=== WORK REQUEST ===
The records below need to be repeated exactly, with every picture left out.

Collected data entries
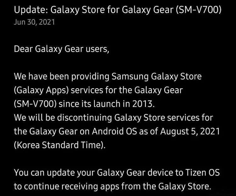 在这份系统更新通知中,三星方面指出,如果初代Galaxy Gear现在还运行着刚发布时的固件,那么内置的应用商店将会在今年8月停止运营,届时用户将无法使用其下载和更新应用,但及时更新到最新版的系统就可以免受影响,能够继续正常使用内置应用商店的功能。
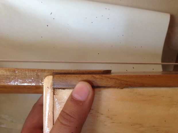 Secuencia el uke en esta etapa. Para evitar que las cadenas de corte en la madera, tienes que cortar dos piezas de acrílico como esta y pegarlo por debajo de los orificios y en la parte superior como se muestra en la imagen.
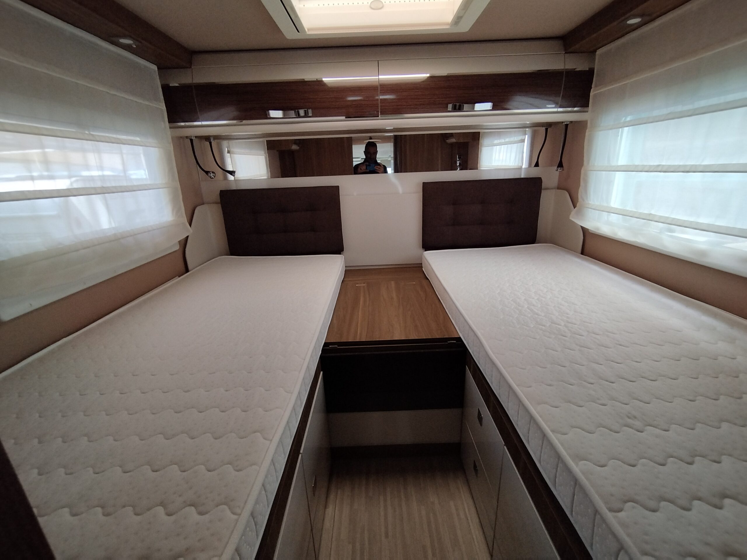 Veranda esterna nera a tetto – Piedini oleodinamici autoilivellanti i-Jack – Clima cellula – Pannello solare – TV 27” SMART zona giorno – Doppio pavimento passante – Attacco esterno acqua calda/fredda all’interno del garage – Cablaggi + piastra + TV da 24” zona letti posteriori – Attacco esterno gas – Oblò Midi Heki zona giorno – Luci a Led interne – Porta cellula XL a 2 punti, con finestra, pattumiera e chiusura centralizzata – Luce esterna – Sistema di sicurezza in viaggio per il gas Truma Secumotion con scambiatore automatico bombole Duocontrol – Oblò Sky Doom su cupolino – Frigorifero grande a commutazione automatica – Pareti interne e tetto con rivestimento in soft touch – Zanzariera scorrevole porta cellula – Presa USB aggiuntiva su letto posteriore – Comando CP Plus per Truma Combi – Tappezzeria interna in ecopelle – Oblò Midi Heki su letto posteriore – Presa 220V aggiuntiva in garage – Zanzariera scorrevole porta cellula – Oblò con Turbovent in cucina – Sportello grande garage lato guidatore – Casse audio in cellula – Prolunga + cuscino per grande matrimoniale posteriore – Presa USB doppia aggiuntiva zona dinette
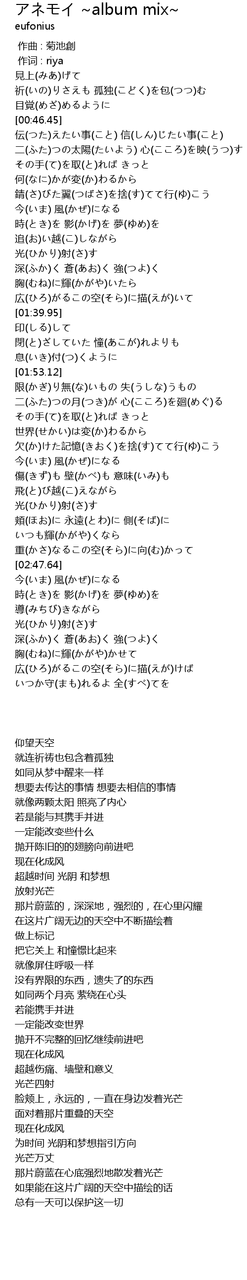 | [01:20.85] | 光(ひかり)射(さ)す |
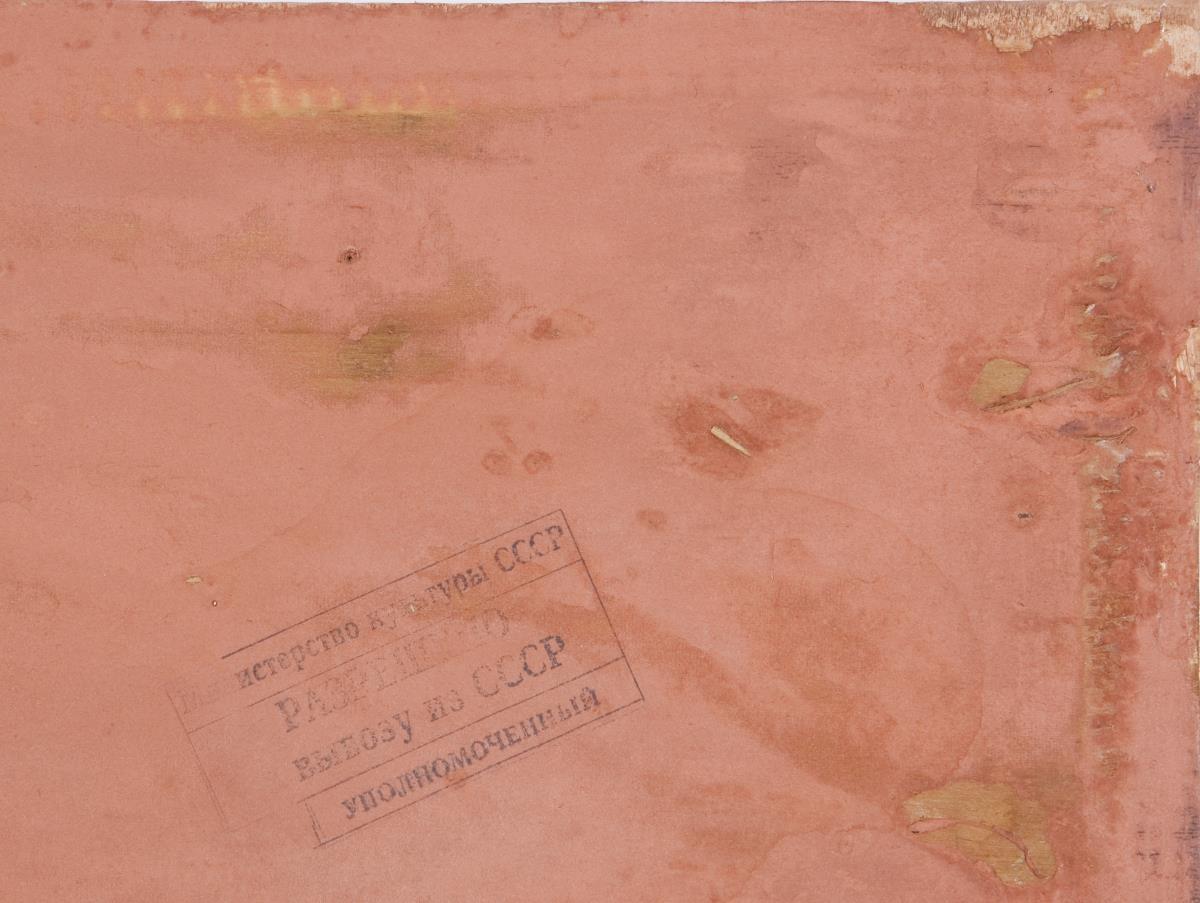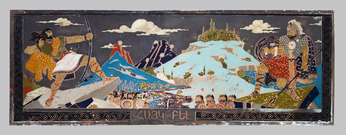 Im Vordergrund zwei monumental aufgestellte gegnerische Krieger, unten aufgestellt die feindlichen Heere. Frontal armenische Schriftzüge. Rückseitig kyrillischer Stempel. Ohne Rahmen. Partiell kleinere Defekte.
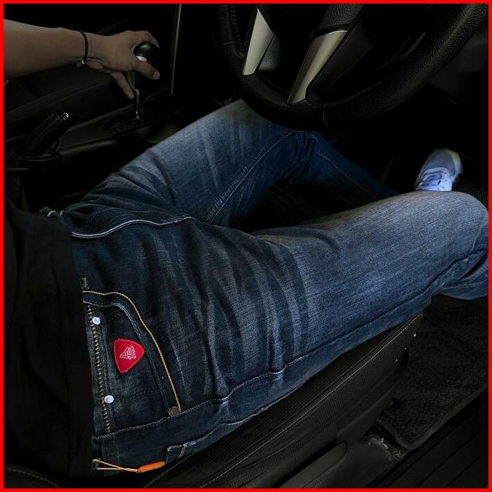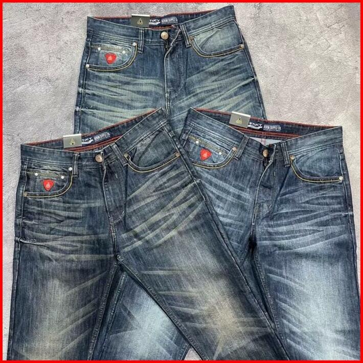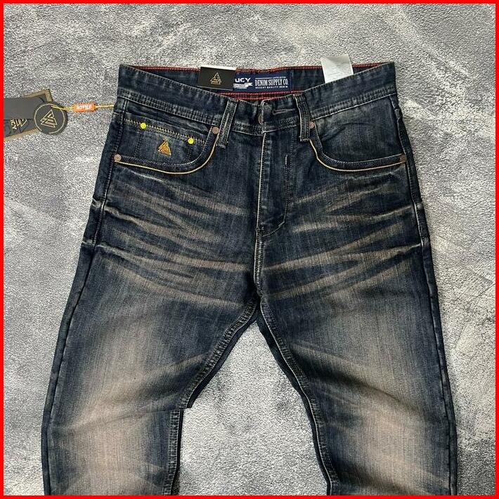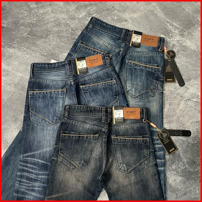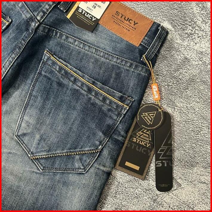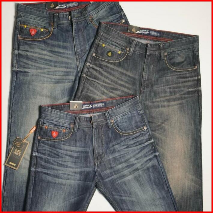 Stucy Celana Fading Jeans With Knit Selvedge Accent Straight Slim Non-stretch

=== RESULT ===
 在这份系统更新通知中,三星方面指出,如果初代Galaxy Gear现在还运行着刚发布时的固件,那么内置的应用商店将会在今年8月停止运营,届时用户将无法使用其下载和更新应用,但及时更新到最新版的系统就可以免受影响,能够继续正常使用内置应用商店的功能。
 Secuencia el uke en esta etapa. Para evitar que las cadenas de corte en la madera, tienes que cortar dos piezas de acrílico como esta y pegarlo por debajo de los orificios y en la parte superior como se muestra en la imagen.
 Veranda esterna nera a tetto – Piedini oleodinamici autoilivellanti i-Jack – Clima cellula – Pannello solare – TV 27” SMART zona giorno – Doppio pavimento passante – Attacco esterno acqua calda/fredda all’interno del garage – Cablaggi + piastra + TV da 24” zona letti posteriori – Attacco esterno gas – Oblò Midi Heki zona giorno – Luci a Led interne – Porta cellula XL a 2 punti, con finestra, pattumiera e chiusura centralizzata – Luce esterna – Sistema di sicurezza in viaggio per il gas Truma Secumotion con scambiatore automatico bombole Duocontrol – Oblò Sky Doom su cupolino – Frigorifero grande a commutazione automatica – Pareti interne e tetto con rivestimento in soft touch – Zanzariera scorrevole porta cellula – Presa USB aggiuntiva su letto posteriore – Comando CP Plus per Truma Combi – Tappezzeria interna in ecopelle – Oblò Midi Heki su letto posteriore – Presa 220V aggiuntiva in garage – Zanzariera scorrevole porta cellula – Oblò con Turbovent in cucina – Sportello grande garage lato guidatore – Casse audio in cellula – Prolunga + cuscino per grande matrimoniale posteriore – Presa USB doppia aggiuntiva zona dinette
 | [01:20.85] | 光(ひかり)射(さ)す |
 Im Vordergrund zwei monumental aufgestellte gegnerische Krieger, unten aufgestellt die feindlichen Heere. Frontal armenische Schriftzüge. Rückseitig kyrillischer Stempel. Ohne Rahmen. Partiell kleinere Defekte.
 Stucy Celana Fading Jeans With Knit Selvedge Accent Straight Slim Non-stretch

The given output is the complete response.